系统默认有很多源,我们都删掉,以后需要就逐个添加国内的源方便下载包。删完之后首先加的第一个是系统源

cd /etc/yum.repos.d
rm -rf *

wget -O /etc/yum.repos.d/CentOS-Base.repo http://mirrors.aliyun.com/repo/Centos-8.repo
yum -y install epel-release	# 很多包都找不到,需要启动EPEL源
yum makecache 				# 重建源上所有的缓存

chrony同步时间

yum install -y chrony
sed -i -e '/^server/s/^/#/' -e '1a server ntp.aliyun.com iburst' /etc/chrony.conf
systemctl start chronyd.service
systemctl enable chronyd.service
timedatectl set-timezone Asia/Shanghai
timedatectl set-local-rtc 0 # 保存当前时间
timedatectl

关闭Swap

  • 暂时关闭 使用命令sudo swapoff -a,但是重启之后会生效,这会导致k8s无法正常运行。
  • 永久关闭,vi /etc/fstab将有swap 那行注释掉,保存即可。
1
2
3
4
# 如果普通方式无法禁用 swap ,就用下面这句
systemctl mask dev-sdXX.swap
# 取消禁用可以
systemctl unmask dev-sdXX.swap

swap是啥?它是系统的交换分区,就是windows上常说的虚拟内存。当系统内存不足的时候,会将一部分硬盘空间虚拟成内存使用。那为什么K8S需要将其关掉呢?其实是为了性能考虑,因为虚拟内存慢很多,K8S希望所有的服务都不应该超过集群或节点CPU和内存的限制。

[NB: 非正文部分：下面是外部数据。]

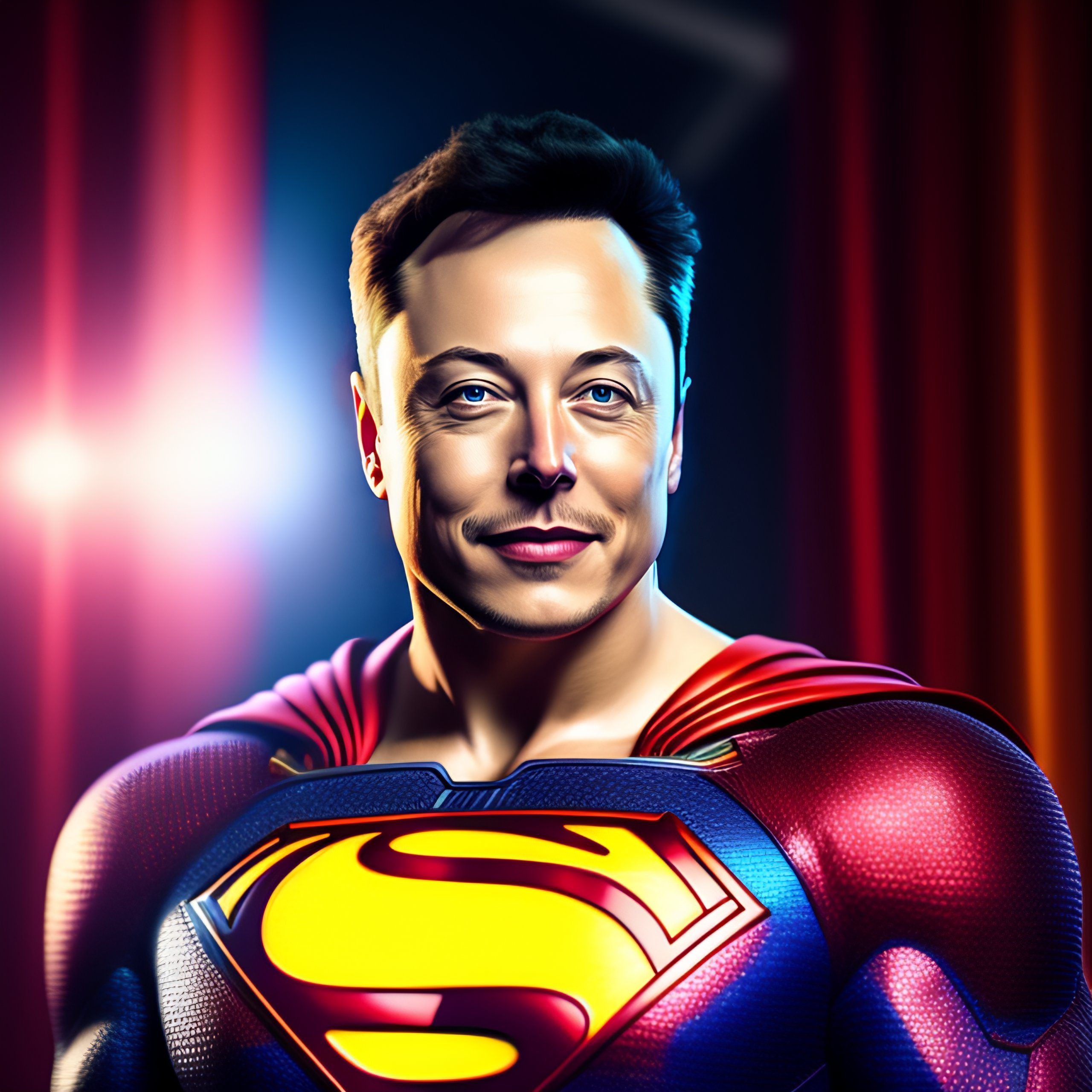 Highly detailed portrait of elon musk, dressed as superman, global illumination, radiant light, detailed and intricate environment
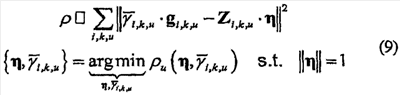 В уравнении (8) Zi,k,u является диагональной матрицей, диагональные элементы которой являются элементами оценки hi,k,u вектора канала обратной линии связи и Нижние индексы i, k, u являются индексами тона, времени и пользователя соответственно. В вышеупомянутом уравнении неизвестными являются вектор калибровки и конкретное рассогласование i,k,u терминала доступа. Особенностью уравнения 8 является то, что рассогласование терминала доступа включает в себя эффект рассогласования синхронизации между точкой доступа и терминалом доступа в дополнение к рассогласованию усилений, обусловленному трактами передачи и приема терминала доступа. Одним способом, чтобы получить решение для и i,k,u, является использование подхода минимальной среднеквадратической ошибки (MMSE), как показано в уравнении 9.

接下来要关闭系统防火墙、SElinux等,限制太多问题就变复杂了;这是常规操作,不细说。

安装Docker

参考以前的安装介绍:/2020/11/30113656-docker-cmd.html

配置内核参数

# 配置sysctl内核参数
$ cat > /etc/sysctl.conf <<EOF
vm.max_map_count=262144
net.ipv4.ip_forward = 1
net.bridge.bridge-nf-call-ip6tables = 1
net.bridge.bridge-nf-call-iptables = 1
EOF
$ sysctl -p

# 配置iptable
vi /etc/sysctl.d/k8s.conf
net.bridge.bridge-nf-call-ip6tables = 1
net.bridge.bridge-nf-call-iptables = 1
vm.swappiness=0
# 保存后执行
sysctl --system

# 开启 ipvs
yum install -y nfs-utils ipset ipvsadm # 安装ipvs支持
# 配置
cat > /etc/sysconfig/modules/ipvs.modules <<EOF
#!/bin/bash
modprobe -- ip_vs
modprobe -- ip_vs_rr
modprobe -- ip_vs_wrr
modprobe -- ip_vs_sh
modprobe -- nf_conntrack_ipv4
EOF
# 执行下面三条
chmod 755 /etc/sysconfig/modules/ipvs.modules
bash /etc/sysconfig/modules/ipvs.modules 
# 检查
lsmod | grep -e ip_vs -e nf_conntrack_ipv4

# 加载 br_netfilter 模块
[root@nsk8s210 home]# modprobe br_netfilter

# 查看是否加载
[root@nsk8s210 home]# lsmod | grep br_netfilter
br_netfilter           24576  0
bridge                192512  1 br_netfilter

服务器互信(非必须)

# 配置ssh互信,那么节点之间就能无密访问,方便日后执行自动化部署
ssh-keygen # 每台机器执行这个命令, 一路回车即可
cd /root/.ssh/
mv id_rsa.pub id_rsa.pub.11
scp -P xxx ip.pub.11 root@192.168.139.11:/root/.ssh/
scp -P xxx ip.pub.11 root@192.168.139.12:/root/.ssh/

# 每台节点执行
cd /root/.ssh/
cat id_rsa.pub.11 >> authorized_keys

安装 kubeadm kubelet kubectl

所有节点都需要安装这三个工具,k8s的官方源:https://packages.cloud.google.com/yum/repos/kubernetes-el7-x86_64 ,国内无法访问,找万能的阿里爸爸

# cd /etc/yum.repos.d
# vi k8s.repo
# 加入下面的几行,保存退出
[kubernetes]
name=Kubernetes
baseurl=http://mirrors.aliyun.com/kubernetes/yum/repos/kubernetes-el7-x86_64
enabled=1
gpgcheck=1
repo_gpgcheck=1
gpgkey=https://mirrors.aliyun.com/kubernetes/yum/doc/yum-key.gpg \
	https://mirrors.aliyun.com/kubernetes/yum/doc/rpm-package-key.gpg

可以先查看下是否能找到相应的包,有的话直接安装

yum list |grep kubeadm	# 查看是否存在
yum install -y kubeadm	# 这一个命令就会安装kubeadm,kubelet,kubectl三个组件的最新版本
# 但是版本不一致常常出现些问题,最好还是指定版本
yum install -y kubelet-1.19.4 kubeadm-1.19.4 kubectl-1.19.4 --disableexcludes=kubernetes

# 如果安装失败,报不可信什么的错误,就重建一次源缓存。
yum clean all
yum makecache

安装完后发现我的版本是1.19.4-0,已经比较新了。而且上面一个命令很多包都一起装上了。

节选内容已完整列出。